= John Bare =

John Bare is a writer and U.S. foundation executive. Since 2004, he has worked as vice president of The Arthur M. Blank Family Foundation in Atlanta. He has published extensively on philanthropy and evaluation, including a 2004 book chapter with Michael Quinn Patton and a 2010 article that examined philanthropy, accountability and social change. Many of his articles are archived at a personal web site.

Bare is a contributor to the opinion section of CNN.com and an executive-in-residence at Georgia Tech's Institute for Leadership and Entrepreneurship.

He previously worked under Hodding Carter III at the John S. and James L. Knight Foundation in Miami, where he created the foundation's planning and evaluation department.

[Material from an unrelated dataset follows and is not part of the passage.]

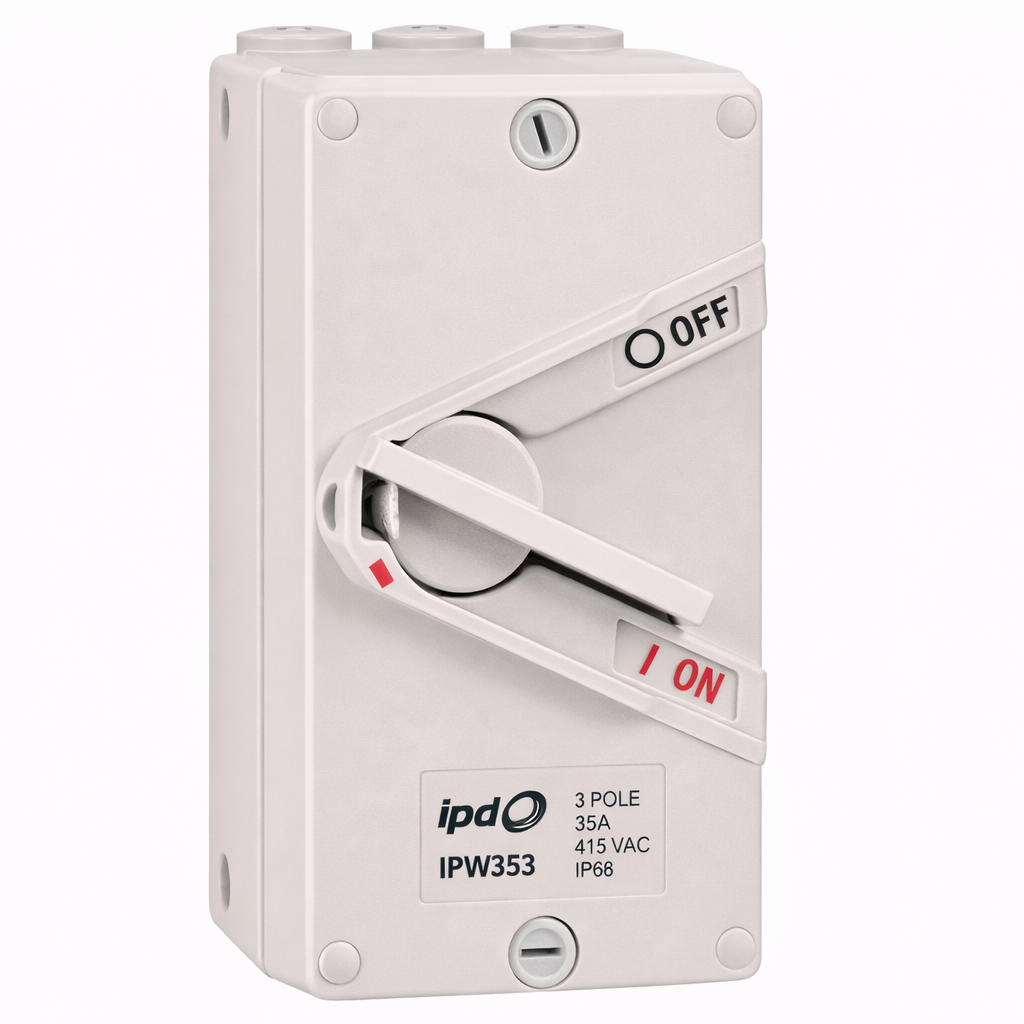 The IPD IPW353 Padlockable Weatherproof Isolator is a compact and reliable isolation switch designed for safe switching in demanding commercial and industrial environments. With a 3 pole configuration, 35A current rating and 415V operation, this weatherproof isolator is ideal for applications that require dependable local isolation and strong protection against dust and water ingress. Its IP66 rating makes it well suited to harsh Australian conditions. Built for durability and installation flexibility, the IPW353 features four M25 gland entries and supports cable cross sections up to 25 sq-mm. It also offers a rated insulation voltage of 500 VAC, dielectric strength of 1 kV, a rated short time withstand current of 0.76 kA and a short circuit capacity of 1.5 kA. Compact in size, it measures 82.5mm wide, 167mm high and 89mm deep, making it a neat and efficient solution for a wide range of switching applications.

He studied journalism under Philip Meyer at the University of North Carolina at Chapel Hill, completing a Ph.D. in 1995 and publishing a chapter on the belief systems of journalists in a 1998 book, Assessing Public Journalism, edited by Meyer, Ed Lambeth and Esther Thorson. As a media consultant, Bare contributed to computer-assisted reporting projects at U.S. News & World Report, the Cleveland Plain Dealer and the Omaha World-Herald. From 1990-97, he wrote a weekly column for The Chapel Hill Herald and produced issue briefs for the National Center for Education Statistics.